[Recorded data]
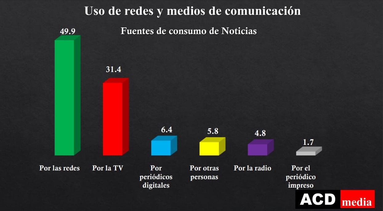 El mas reciente estudio sobre este proceso lo refleja la última encuesta del grupo de comunicaciones ACD Media que determino que solo un 1.7 por ciento de la población consultada lee los periódicos impresos.
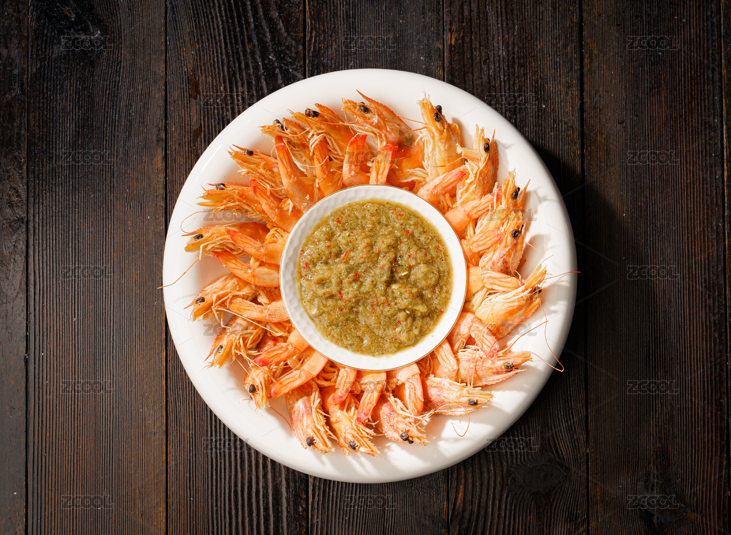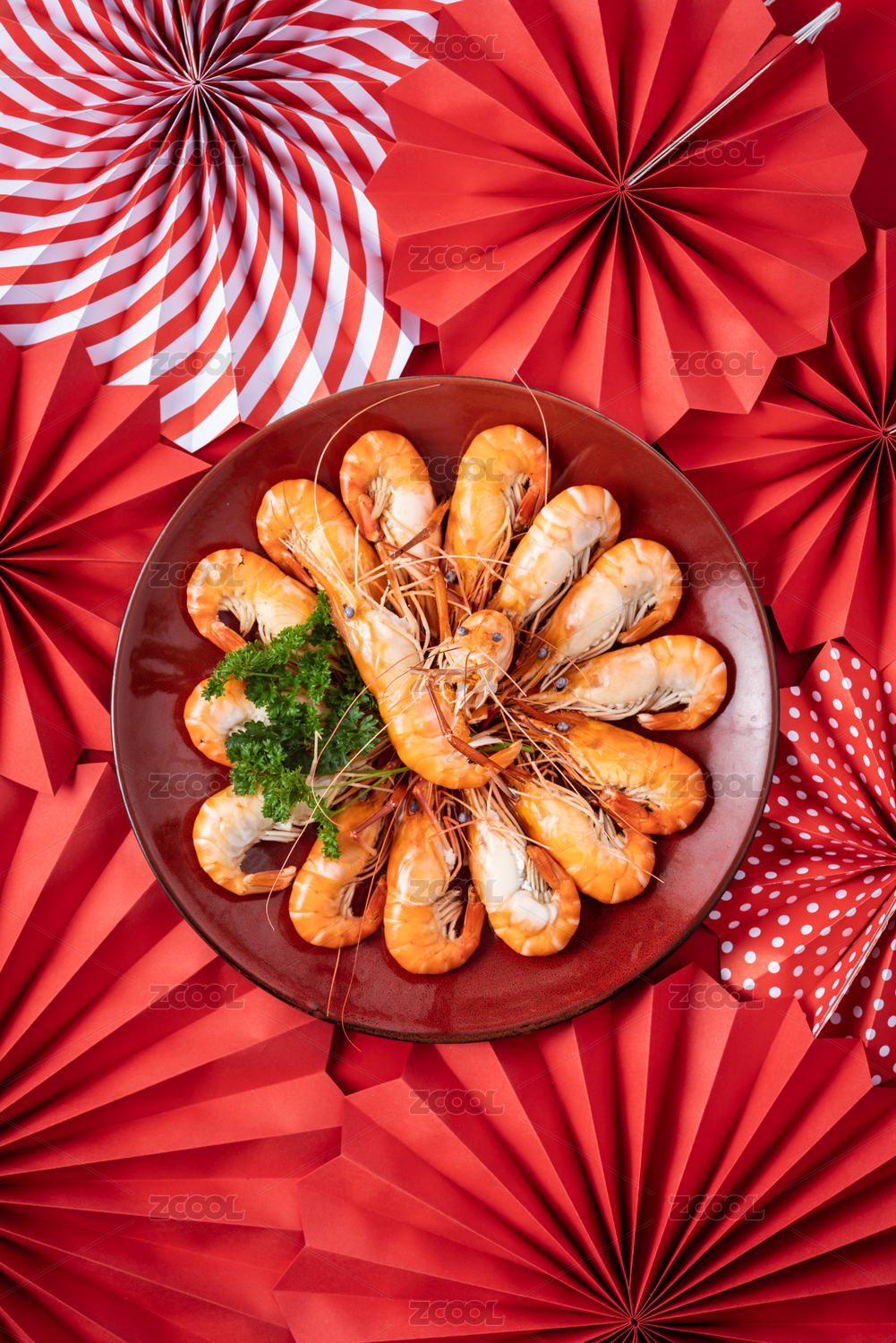 盘子里的水煮虾
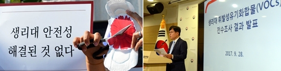 한편 지난 3월 여성시민단체가 모 대학 환경융합학부 교수에게 의뢰한 '생리대 방출물질 검출 시험' 발표에서 "국내 일부 생리대와 팬티라이너 등 총 11개 제품에서 약 200종의 총휘발성유기화합물(TVOC)이 방출됐다"라고 밝혔다. 또 지난 8월 여성시민단체는 릴리안 사용자들이 생리대를 쓴 후 생리통 등의 불편을 겪은 사례를 3일동안 3000여건을 받았다고 밝혔다.
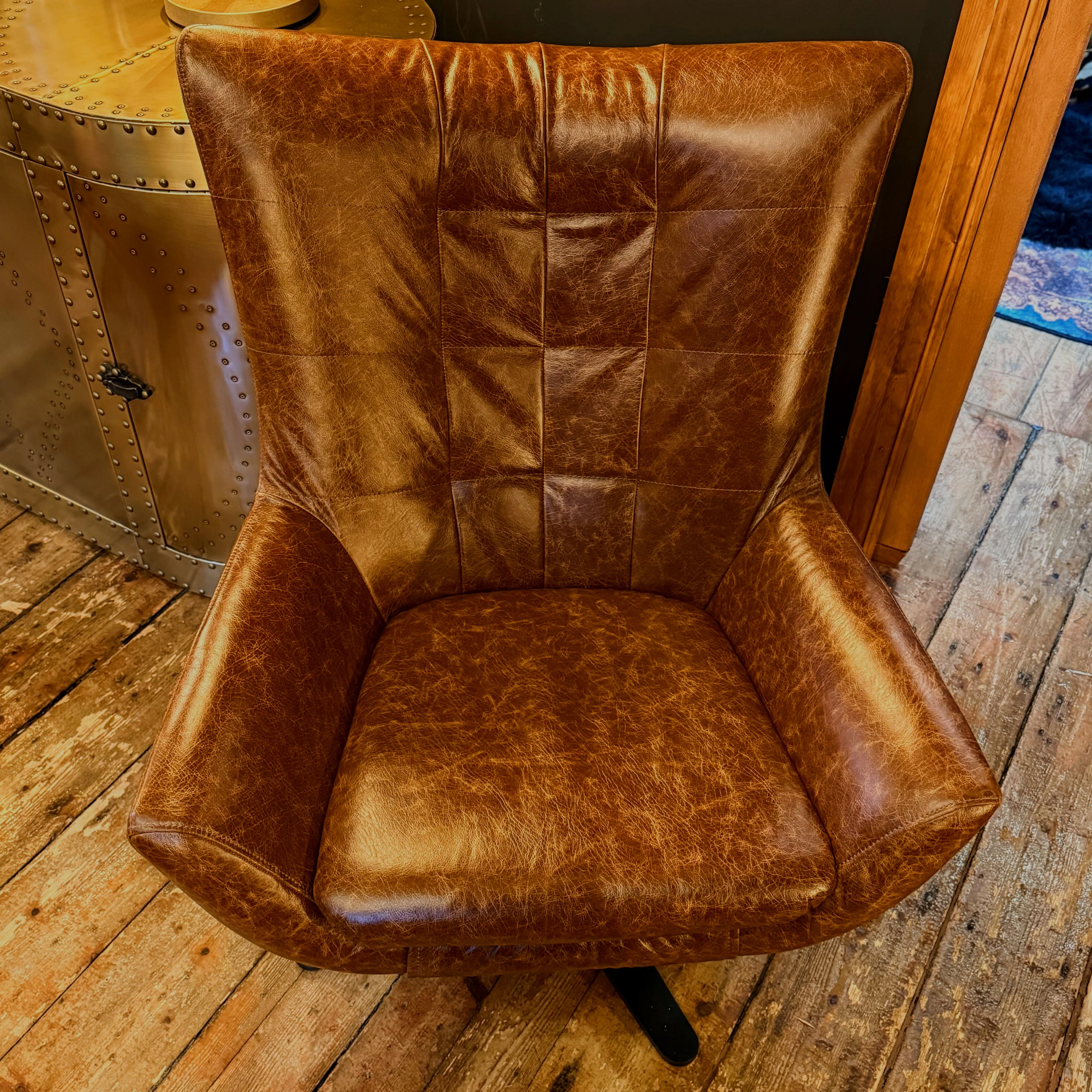The Austin Egg Accent Chair in Leather is a bold, sculptural statement piece that instantly elevates any room. Its iconic egg-shaped silhouette wraps around you in a gentle, cocoon-like curve, offering both comfort and a touch of retro sophistication. Upholstered in sumptuous semi-aniline leather, each chair features natural grain, rich colour depth, and a texture that becomes even more beautiful as it develops a unique patina over time. The smooth swivel base adds modern practicality, making it as functional as it is stylish.
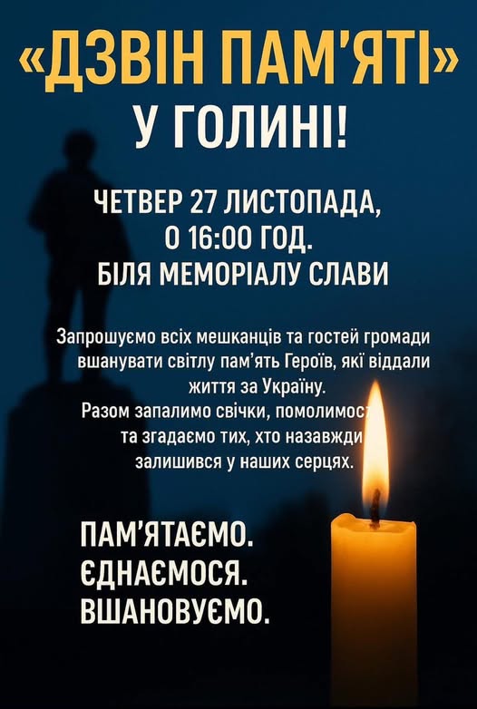У четвер, 27 листопада, громада Голиня збиратиметься біля Меморіалу Слави, щоб спільно вшанувати світлу пам’ять про Героїв, які віддали життя за Україну.
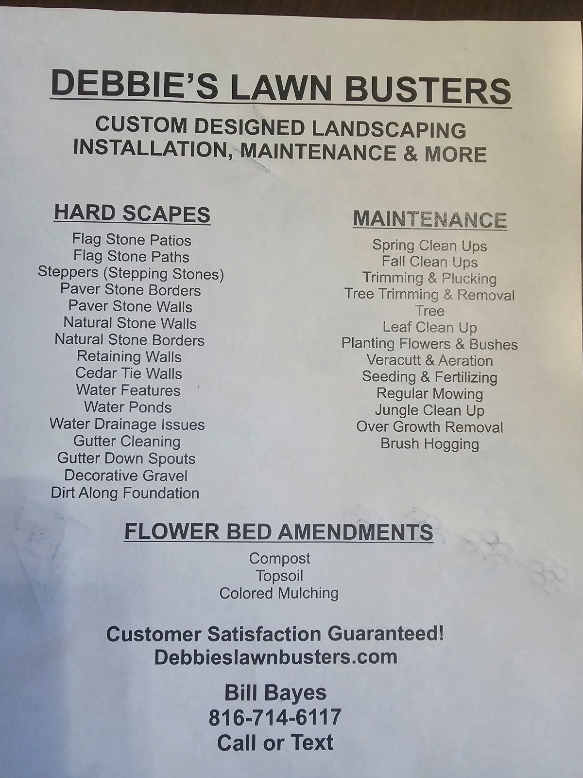 Debbies Lawn Busters would like our valued customers to go through the on-site photographs of our various landscaping projects. Please take a look and give us a call us at (816) 714-6117, if you would like Debbie's Lawn Busters to work on your next landscape project.
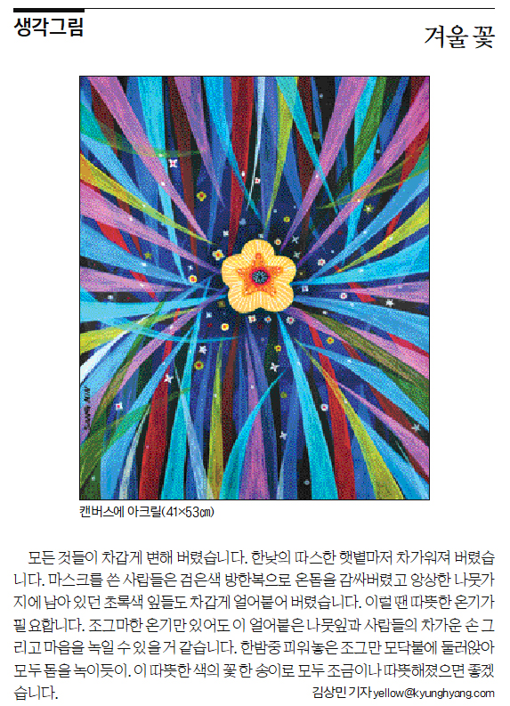 모든 것들이 차갑게 변해 버렸습니다. 한낮의 따스한 햇볕마저 차가워져 버렸습니다. 마스크를 쓴 사람들은 검은색 방한복으로 온몸을 감싸버렸고 앙상한 나뭇가지에 남아있던 초록색 잎들도 차갑게 얼어붙어 버렸습니다. 이럴 땐 따뜻한 온기가 필요합니다. 조그마한 온기만 있어도 이 얼어붙은 나뭇잎과 사람들의 차가운 손 그리고 마음을 녹일 수 있을 거 같습니다. 한밤중 피워놓은 조그만 모닥불에 둘러앉아 모두 몸을 녹이듯이. 이 따뜻한 색의 꽃 한 송이로 모두 조금이나 따뜻해졌으면 좋겠습니다.
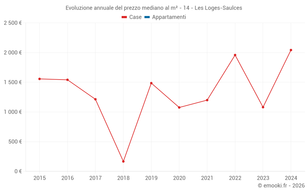 Evoluzione del prezzo mediano al m² degli appartamenti
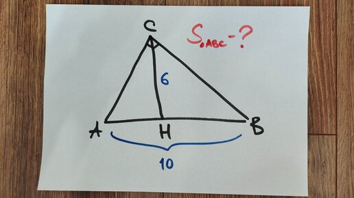 Вот задача. Вам дан прямоугольный треугольник. Из вершины прямого угла на гипотенузу длинной 10 опущена высота длинной 6. Надо найти площадь прямоугольного треугольника ABC.
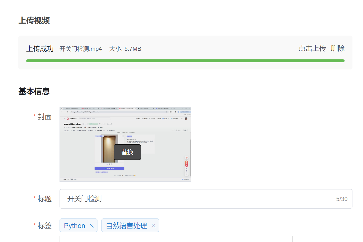 这里建议,如果视频比较大,则上传到CSDN的视频中,提交的时候写上备注。
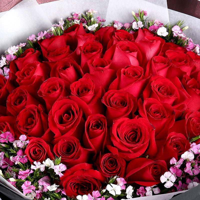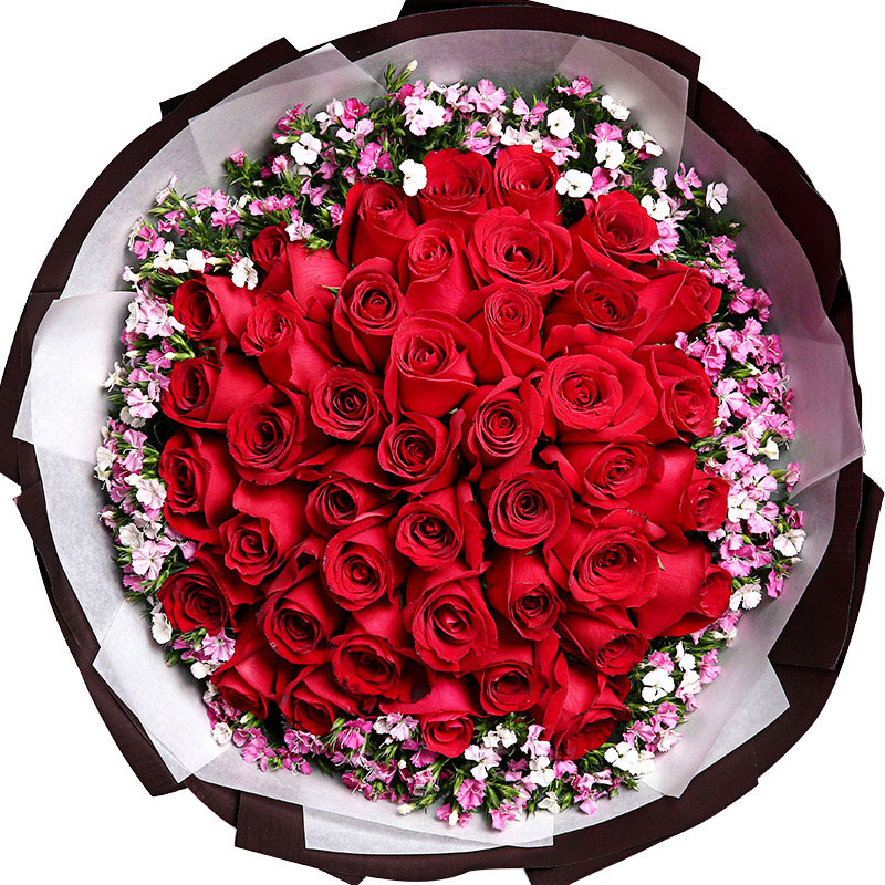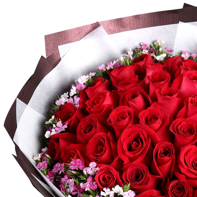 花材: 33朵红玫瑰,搭配石竹梅外围点缀。
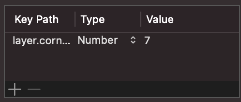 그리고 아래처럼 Key Path : layer.cornerRadius, Type : Number, Value : 7을 입력해줍니다.
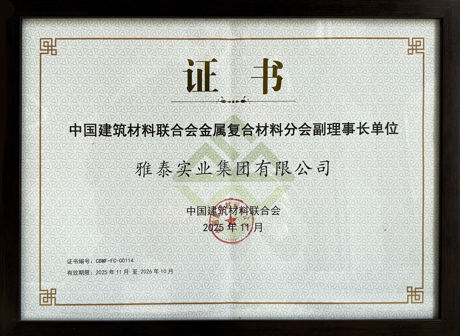 同時,雅泰實業(yè)集團作為幕墻行業(yè)優(yōu)秀的國內老字號品牌,也長年擔任著中國建筑材料聯合會理事、金屬復合材料分會副理事長等角色。

## THE TASK
Without the pictures, set down every entry exactly.

## COMPLETED TASK
 El mas reciente estudio sobre este proceso lo refleja la última encuesta del grupo de comunicaciones ACD Media que determino que solo un 1.7 por ciento de la población consultada lee los periódicos impresos.
 盘子里的水煮虾
 한편 지난 3월 여성시민단체가 모 대학 환경융합학부 교수에게 의뢰한 '생리대 방출물질 검출 시험' 발표에서 "국내 일부 생리대와 팬티라이너 등 총 11개 제품에서 약 200종의 총휘발성유기화합물(TVOC)이 방출됐다"라고 밝혔다. 또 지난 8월 여성시민단체는 릴리안 사용자들이 생리대를 쓴 후 생리통 등의 불편을 겪은 사례를 3일동안 3000여건을 받았다고 밝혔다.
The Austin Egg Accent Chair in Leather is a bold, sculptural statement piece that instantly elevates any room. Its iconic egg-shaped silhouette wraps around you in a gentle, cocoon-like curve, offering both comfort and a touch of retro sophistication. Upholstered in sumptuous semi-aniline leather, each chair features natural grain, rich colour depth, and a texture that becomes even more beautiful as it develops a unique patina over time. The smooth swivel base adds modern practicality, making it as functional as it is stylish.
У четвер, 27 листопада, громада Голиня збиратиметься біля Меморіалу Слави, щоб спільно вшанувати світлу пам’ять про Героїв, які віддали життя за Україну.
 Debbies Lawn Busters would like our valued customers to go through the on-site photographs of our various landscaping projects. Please take a look and give us a call us at (816) 714-6117, if you would like Debbie's Lawn Busters to work on your next landscape project.
 모든 것들이 차갑게 변해 버렸습니다. 한낮의 따스한 햇볕마저 차가워져 버렸습니다. 마스크를 쓴 사람들은 검은색 방한복으로 온몸을 감싸버렸고 앙상한 나뭇가지에 남아있던 초록색 잎들도 차갑게 얼어붙어 버렸습니다. 이럴 땐 따뜻한 온기가 필요합니다. 조그마한 온기만 있어도 이 얼어붙은 나뭇잎과 사람들의 차가운 손 그리고 마음을 녹일 수 있을 거 같습니다. 한밤중 피워놓은 조그만 모닥불에 둘러앉아 모두 몸을 녹이듯이. 이 따뜻한 색의 꽃 한 송이로 모두 조금이나 따뜻해졌으면 좋겠습니다.
 Evoluzione del prezzo mediano al m² degli appartamenti
 Вот задача. Вам дан прямоугольный треугольник. Из вершины прямого угла на гипотенузу длинной 10 опущена высота длинной 6. Надо найти площадь прямоугольного треугольника ABC.
 这里建议,如果视频比较大,则上传到CSDN的视频中,提交的时候写上备注。
 花材: 33朵红玫瑰,搭配石竹梅外围点缀。
 그리고 아래처럼 Key Path : layer.cornerRadius, Type : Number, Value : 7을 입력해줍니다.
 同時,雅泰實業(yè)集團作為幕墻行業(yè)優(yōu)秀的國內老字號品牌,也長年擔任著中國建筑材料聯合會理事、金屬復合材料分會副理事長等角色。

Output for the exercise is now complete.